Ambient backscatter communication (AmBC) enables a passive backscatter device to transmit information to a reader using ambient RF signals, and has emerged as a promising solution to green ...Internet-of-Things (IoT). Conventional AmBC receivers are interested in recovering the information from the ambient backscatter device (A-BD) only. In this paper, we propose a cooperative AmBC (CABC) system in which the reader recovers information not only from the A-BD, but also from the RF source. We first establish the system model for the CABC system from spread spectrum and spectrum sharing perspectives. Then, for flat fading channels, we derive the optimal maximum-likelihood (ML) detector, suboptimal linear detectors as well as successive interference-cancellation (SIC) based detectors. For frequency-selective fading channels, the system model for the CABC system over ambient orthogonal frequency division multiplexing carriers is proposed, upon which a low-complexity optimal ML detector is derived. For both kinds of channels, the bit-error-rate expressions for the proposed detectors are derived in closed forms.
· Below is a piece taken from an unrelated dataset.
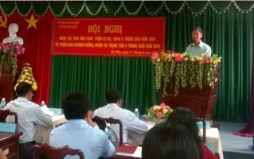 Phát biểu kết luận cuộc họp, ông Đoàn Văn Thảo – Phó Bí thư Huyện ủy - Chủ tịch UBND huyện đánh giá cao những nỗ lực của các ngành, các cấp trong thực hiện nhiệm vụ được giao; đồng thời chỉ đạo các ngành thực hiện tốt một số nội dung trọng tâm trong 6 tháng cuối năm: Tích cực thực hiện các biện pháp nhằm khai thác các nguồn thu vào ngân sách nhà nước, phấn đấu cuối năm 2016 phải đạt chỉ tiêu tỉnh giao; hoàn thành công tác cấp đất an sinh xã hội cho các hộ dân thiếu đất sản xuất; thực hiện có hiệu quả Chương trình mục tiêu quốc gia về nông thôn mới; Tăng cường công tác thông tin, tuyên truyền, phấn đấu cuối năm 2016, tỷ lệ mua bảo hiểm y tế của người dân đạt chỉ tiêu Nghị quyết đề ra; tăng cường thực hiện công tác tuần tra, đấu tranh với các loại tội phạm, trong đó chú trọng về tình hình trộm cắp xe qua biên giới. Cuối cùng, Chủ tịch UBND huyện yêu cầu các ngành, UBND các xã, thị trấn xây dựng kế hoạch cụ thể, phấn đấu hoàn thành tốt nhiệm vụ được giao trong 6 tháng cuối năm 2016.
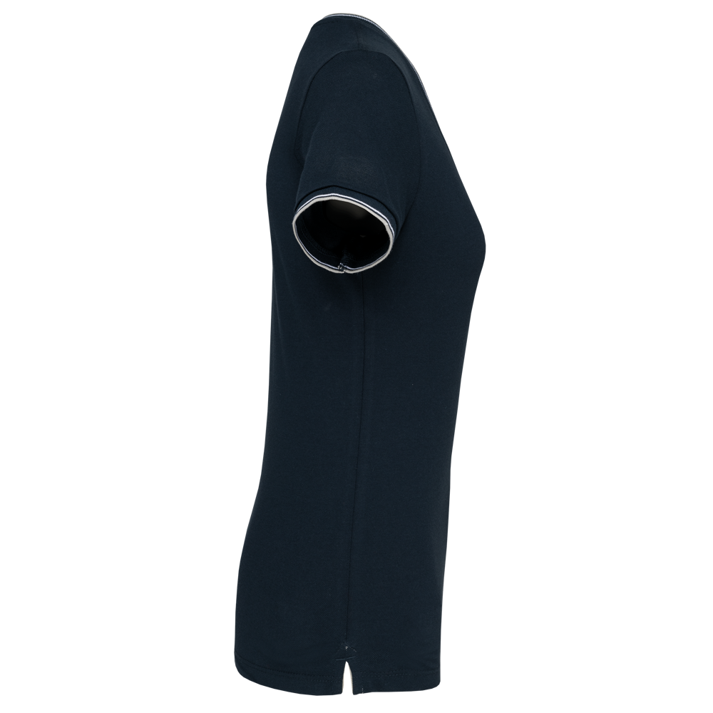 100% gekamd katoen piqué (Oxford Grey: 90% katoen / 10% viscose). Ribboord met contrasterende strepen aan de kraag en mouwuiteinden. Contrasterende zijsplitten en nektape in de kraag. Afwerking met dubbel stiksel onderaan.

Finally, extensive numerical results have shown that, when the A-BD signal and the RF-source signal have equal symbol period, the proposed SIC-based detectors can achieve near-ML detection performance for typical application scenarios, and when the A-BD symbol period is longer than the RF-source symbol period, the existence of backscattered signal in the CABC system can enhance the ML detection performance of the RF-source signal, thanks to the beneficial effect of the backscatter link when the A-BD transmits at a lower rate than the RF source.